What the exercise asks: Take the lines from the one with "NMN rapidly converts" through the last line of the material below and write them out exactly, without any pictures.

Recorded information:
################
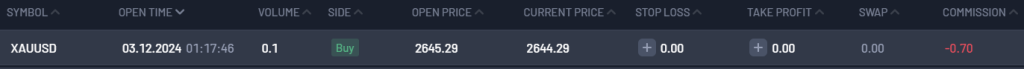 ゴールドを0.1lotトレードした際に、手数料で0.7ドル取られています。売却時には取られなかったですが実質1lotにつき7ドルです。(これはFXでも変わりません。)
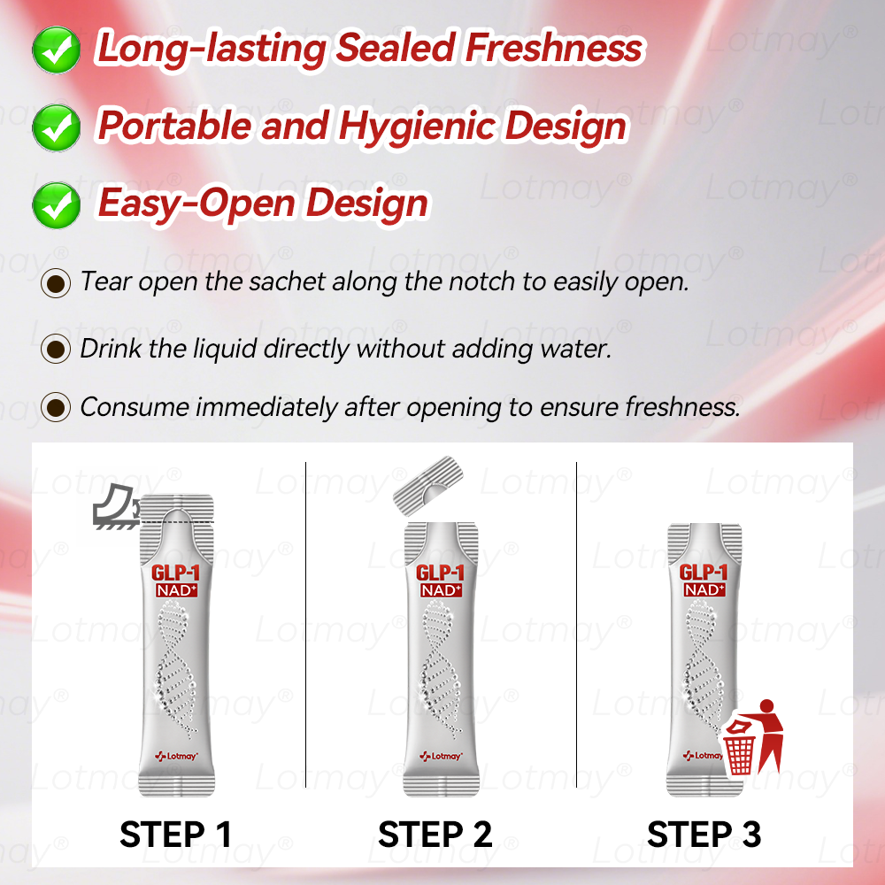 NMN rapidly converts to NADโบ in the body, replenishing cellular energy and promoting collagen synthesis to restore skin firmness and elasticity. GLP-1 regulates metabolism, accelerates fat breakdown, and aids in shaping and firming. Glucosamine supports joint and connective tissue health, further enhancing skin resilience. Multiple ingredients work synergisticallyโfrom cellular energy and metabolic regulation to antioxidant protectionโto comprehensively improve sagging, wrinkles, and dullness, restoring a firm, youthful, and healthy complexion.
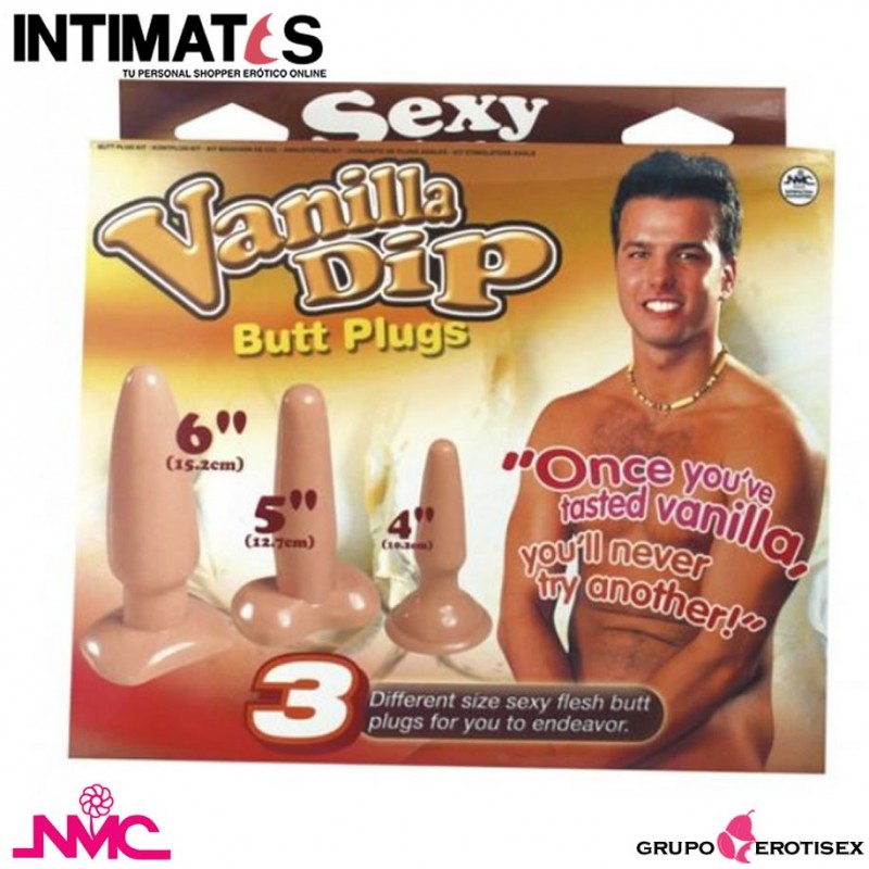 Vanilla Dip es un set de tres plugs anales que pertenece a un conjunto de plugs de gelatina totalmente flexibles que proporcionan un placer intenso.
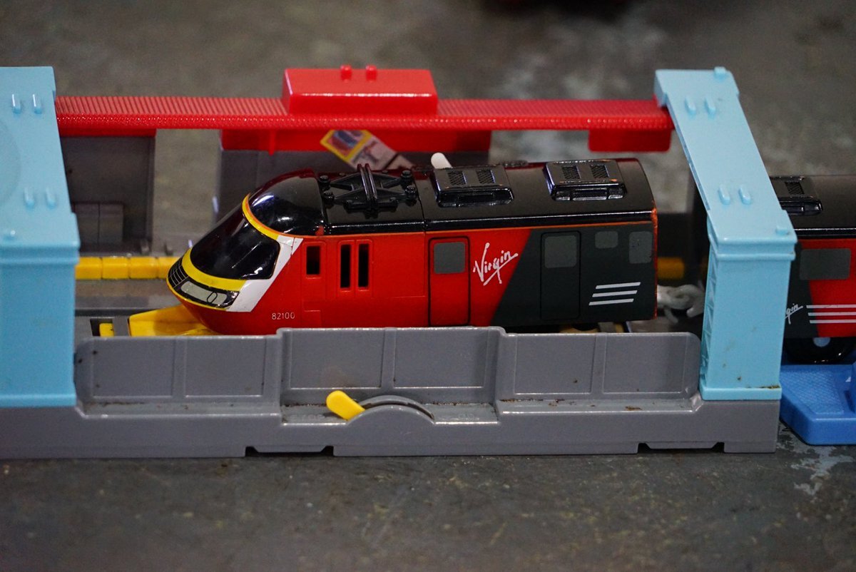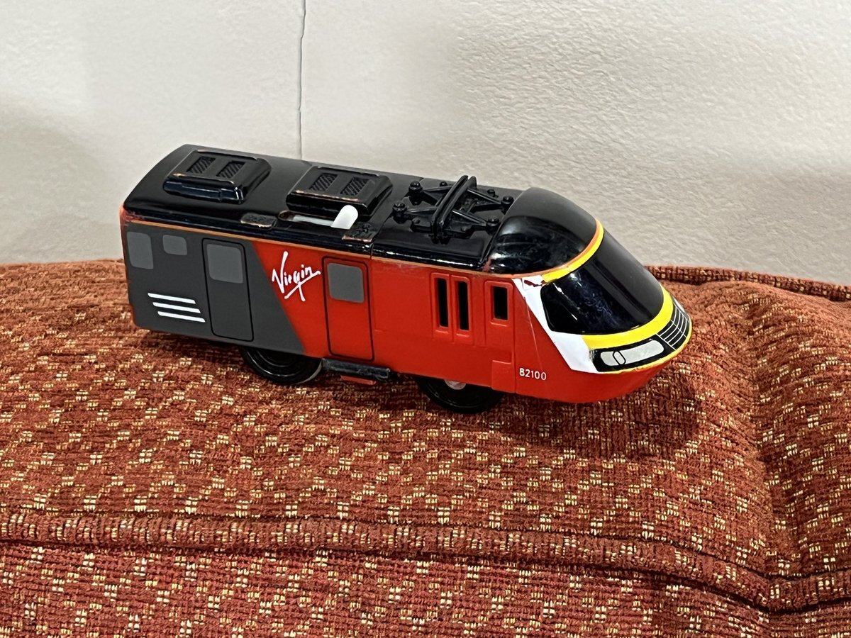 プラレールコーナーに衝撃のヴァージンHSTを発見!! 近鉄アーバンライナーの金型を流用してるので、先頭車両の屋根にパンタグラフが載ってる問題作(?)です。 まさか本当にお目にかかれるとは思わなかった。 プラレールで遊んでる小さい子に混じって「ちょっとごめんね~」と拝借して細部を見てきた。 pic.x.com/bDNRyKkork
################
Exercise answer:
 NMN rapidly converts to NADโบ in the body, replenishing cellular energy and promoting collagen synthesis to restore skin firmness and elasticity. GLP-1 regulates metabolism, accelerates fat breakdown, and aids in shaping and firming. Glucosamine supports joint and connective tissue health, further enhancing skin resilience. Multiple ingredients work synergisticallyโfrom cellular energy and metabolic regulation to antioxidant protectionโto comprehensively improve sagging, wrinkles, and dullness, restoring a firm, youthful, and healthy complexion.
 Vanilla Dip es un set de tres plugs anales que pertenece a un conjunto de plugs de gelatina totalmente flexibles que proporcionan un placer intenso.
 プラレールコーナーに衝撃のヴァージンHSTを発見!! 近鉄アーバンライナーの金型を流用してるので、先頭車両の屋根にパンタグラフが載ってる問題作(?)です。 まさか本当にお目にかかれるとは思わなかった。 プラレールで遊んでる小さい子に混じって「ちょっとごめんね~」と拝借して細部を見てきた。 pic.x.com/bDNRyKkork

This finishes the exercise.